» **What is needed**
Every record must appear in your reply exactly as written.

Recorded data:

Segment Open

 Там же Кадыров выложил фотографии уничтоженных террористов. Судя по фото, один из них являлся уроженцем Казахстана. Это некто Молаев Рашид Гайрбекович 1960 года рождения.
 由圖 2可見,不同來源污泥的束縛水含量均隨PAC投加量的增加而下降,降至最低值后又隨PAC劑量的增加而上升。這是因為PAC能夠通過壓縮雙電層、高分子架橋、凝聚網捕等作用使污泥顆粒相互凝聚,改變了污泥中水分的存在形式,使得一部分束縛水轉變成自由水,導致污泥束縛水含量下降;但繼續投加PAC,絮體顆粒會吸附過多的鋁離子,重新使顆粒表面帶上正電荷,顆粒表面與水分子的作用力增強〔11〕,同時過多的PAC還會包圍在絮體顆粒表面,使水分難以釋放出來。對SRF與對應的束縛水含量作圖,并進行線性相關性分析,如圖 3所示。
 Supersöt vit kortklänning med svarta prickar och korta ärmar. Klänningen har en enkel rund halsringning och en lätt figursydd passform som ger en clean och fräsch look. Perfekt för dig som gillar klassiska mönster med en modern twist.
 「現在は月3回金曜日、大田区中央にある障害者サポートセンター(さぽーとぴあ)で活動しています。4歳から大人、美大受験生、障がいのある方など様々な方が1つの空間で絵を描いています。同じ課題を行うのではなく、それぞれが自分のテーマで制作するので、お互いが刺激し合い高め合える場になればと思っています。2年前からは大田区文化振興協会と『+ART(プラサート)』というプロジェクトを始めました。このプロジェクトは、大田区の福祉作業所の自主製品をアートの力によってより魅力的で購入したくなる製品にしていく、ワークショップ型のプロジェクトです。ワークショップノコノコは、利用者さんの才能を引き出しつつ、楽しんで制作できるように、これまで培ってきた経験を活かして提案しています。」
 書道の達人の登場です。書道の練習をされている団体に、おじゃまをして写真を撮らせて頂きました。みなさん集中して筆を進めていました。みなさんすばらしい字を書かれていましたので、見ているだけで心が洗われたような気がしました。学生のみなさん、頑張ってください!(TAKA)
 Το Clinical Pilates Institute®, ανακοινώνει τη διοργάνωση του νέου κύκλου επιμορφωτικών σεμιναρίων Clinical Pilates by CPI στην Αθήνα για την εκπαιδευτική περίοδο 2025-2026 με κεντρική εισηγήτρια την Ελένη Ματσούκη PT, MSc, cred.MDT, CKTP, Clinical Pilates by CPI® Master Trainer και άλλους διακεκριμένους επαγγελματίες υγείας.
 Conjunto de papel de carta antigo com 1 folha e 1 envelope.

Segment Closed

» **Solved problem**
 Там же Кадыров выложил фотографии уничтоженных террористов. Судя по фото, один из них являлся уроженцем Казахстана. Это некто Молаев Рашид Гайрбекович 1960 года рождения.
 由圖 2可見,不同來源污泥的束縛水含量均隨PAC投加量的增加而下降,降至最低值后又隨PAC劑量的增加而上升。這是因為PAC能夠通過壓縮雙電層、高分子架橋、凝聚網捕等作用使污泥顆粒相互凝聚,改變了污泥中水分的存在形式,使得一部分束縛水轉變成自由水,導致污泥束縛水含量下降;但繼續投加PAC,絮體顆粒會吸附過多的鋁離子,重新使顆粒表面帶上正電荷,顆粒表面與水分子的作用力增強〔11〕,同時過多的PAC還會包圍在絮體顆粒表面,使水分難以釋放出來。對SRF與對應的束縛水含量作圖,并進行線性相關性分析,如圖 3所示。
 Supersöt vit kortklänning med svarta prickar och korta ärmar. Klänningen har en enkel rund halsringning och en lätt figursydd passform som ger en clean och fräsch look. Perfekt för dig som gillar klassiska mönster med en modern twist.
 「現在は月3回金曜日、大田区中央にある障害者サポートセンター(さぽーとぴあ)で活動しています。4歳から大人、美大受験生、障がいのある方など様々な方が1つの空間で絵を描いています。同じ課題を行うのではなく、それぞれが自分のテーマで制作するので、お互いが刺激し合い高め合える場になればと思っています。2年前からは大田区文化振興協会と『+ART(プラサート)』というプロジェクトを始めました。このプロジェクトは、大田区の福祉作業所の自主製品をアートの力によってより魅力的で購入したくなる製品にしていく、ワークショップ型のプロジェクトです。ワークショップノコノコは、利用者さんの才能を引き出しつつ、楽しんで制作できるように、これまで培ってきた経験を活かして提案しています。」
 書道の達人の登場です。書道の練習をされている団体に、おじゃまをして写真を撮らせて頂きました。みなさん集中して筆を進めていました。みなさんすばらしい字を書かれていましたので、見ているだけで心が洗われたような気がしました。学生のみなさん、頑張ってください!(TAKA)
 Το Clinical Pilates Institute®, ανακοινώνει τη διοργάνωση του νέου κύκλου επιμορφωτικών σεμιναρίων Clinical Pilates by CPI στην Αθήνα για την εκπαιδευτική περίοδο 2025-2026 με κεντρική εισηγήτρια την Ελένη Ματσούκη PT, MSc, cred.MDT, CKTP, Clinical Pilates by CPI® Master Trainer και άλλους διακεκριμένους επαγγελματίες υγείας.
 Conjunto de papel de carta antigo com 1 folha e 1 envelope.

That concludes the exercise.